I could open the windows. But then in spring, when people realize they haven't seen me for months, a neighbor will find my body frozen to the floor, my cold, dead fingers pinching my nose closed. It's cold here. So that's out.

I've thought about cooking up some of my holiday potpourri (sooooo nice smelling), but then my house will smell like dinner AND Christmas, and not in that cozy, warm I'm-about-to-eat-with-friends-and-family way, but in that stale, too-many-smells way, often experienced in the homes of women who wear housecoats, roll down their stockings to their ankles and keep unwrapped hard candy in their pockets.

Seriously, beautiful people, I need help here. I feel like I smell like tagine of chicken meslalla with homemade preserved lemons. Help!

On another note, just this very evening, my laptop stopped functioning as a laptop and has come to think of itself only as a desktop. Every time I unplug it, it dies. All I have to say is, WTF?! Dear readers, help on this too, please! The thing is brand new! Alas.

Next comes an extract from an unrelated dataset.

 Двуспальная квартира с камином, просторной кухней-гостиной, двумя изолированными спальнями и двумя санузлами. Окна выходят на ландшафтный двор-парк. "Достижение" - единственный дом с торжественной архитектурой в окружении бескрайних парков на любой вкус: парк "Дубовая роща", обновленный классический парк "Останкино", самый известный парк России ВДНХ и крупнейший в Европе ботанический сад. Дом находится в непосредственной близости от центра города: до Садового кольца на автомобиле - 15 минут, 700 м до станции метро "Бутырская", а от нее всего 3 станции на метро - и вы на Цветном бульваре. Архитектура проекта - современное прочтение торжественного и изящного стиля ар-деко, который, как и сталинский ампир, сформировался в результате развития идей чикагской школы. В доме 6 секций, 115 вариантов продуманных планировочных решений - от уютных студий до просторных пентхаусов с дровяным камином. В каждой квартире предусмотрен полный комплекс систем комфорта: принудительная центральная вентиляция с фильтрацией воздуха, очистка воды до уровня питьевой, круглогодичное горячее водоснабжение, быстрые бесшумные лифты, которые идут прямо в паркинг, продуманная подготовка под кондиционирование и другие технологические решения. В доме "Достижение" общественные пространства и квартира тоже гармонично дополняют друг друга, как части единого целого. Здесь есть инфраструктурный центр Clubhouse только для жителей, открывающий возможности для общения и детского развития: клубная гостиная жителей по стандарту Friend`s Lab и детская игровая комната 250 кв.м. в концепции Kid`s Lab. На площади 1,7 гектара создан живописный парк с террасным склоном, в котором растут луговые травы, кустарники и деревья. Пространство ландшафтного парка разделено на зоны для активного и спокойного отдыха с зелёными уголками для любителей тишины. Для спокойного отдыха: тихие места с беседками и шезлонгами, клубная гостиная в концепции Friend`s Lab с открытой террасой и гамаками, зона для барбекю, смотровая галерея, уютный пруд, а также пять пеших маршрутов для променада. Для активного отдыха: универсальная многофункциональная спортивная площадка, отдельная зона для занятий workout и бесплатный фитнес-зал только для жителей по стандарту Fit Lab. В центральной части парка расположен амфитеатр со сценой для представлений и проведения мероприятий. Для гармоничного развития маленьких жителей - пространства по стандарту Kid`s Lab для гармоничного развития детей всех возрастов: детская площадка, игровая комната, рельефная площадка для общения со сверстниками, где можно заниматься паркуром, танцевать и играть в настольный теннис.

On still another note (this one's an E flat), doesn't the nice forest scene on my blog make you feel relaxed and happy? Yeah? I did that just for you.

Thursday, January 05, 2012

Soy Sauce!

I'm very sorry, dear readers, that I have not posted sooner, as I know you have been waiting with baited breath for my next installment. I sincerely hope your breath was only baited and not held, since you probably would have passed out by now. Side note: are baited breath and held breath the same things?

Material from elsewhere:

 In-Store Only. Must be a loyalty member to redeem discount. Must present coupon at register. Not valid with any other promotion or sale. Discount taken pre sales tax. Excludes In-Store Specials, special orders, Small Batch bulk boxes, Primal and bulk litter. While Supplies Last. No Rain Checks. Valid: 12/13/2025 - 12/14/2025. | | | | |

Anyway, it's tough to keep up with the blogging when you get home at 9 p.m. from work, and you're tired, and ohmygod, there's no soy sauce to go with the Trader Joe's pot stickers you just fried up because you're starving, and there's no real food, but there are inexplicably three (THREE!) bottles of worcestershire sauce in the fridge, even though you never cook anything that calls for worcestershire, and what exactly are they doing in the fridge to be multiplying like that?

So, you see, dear readers, my worcestershire sauce is possessed. That wasn't the original point of this blog, but it is now. Just something for y'all to think about. I will now try to concoct something in the kitchen that resembles something edible. G'night.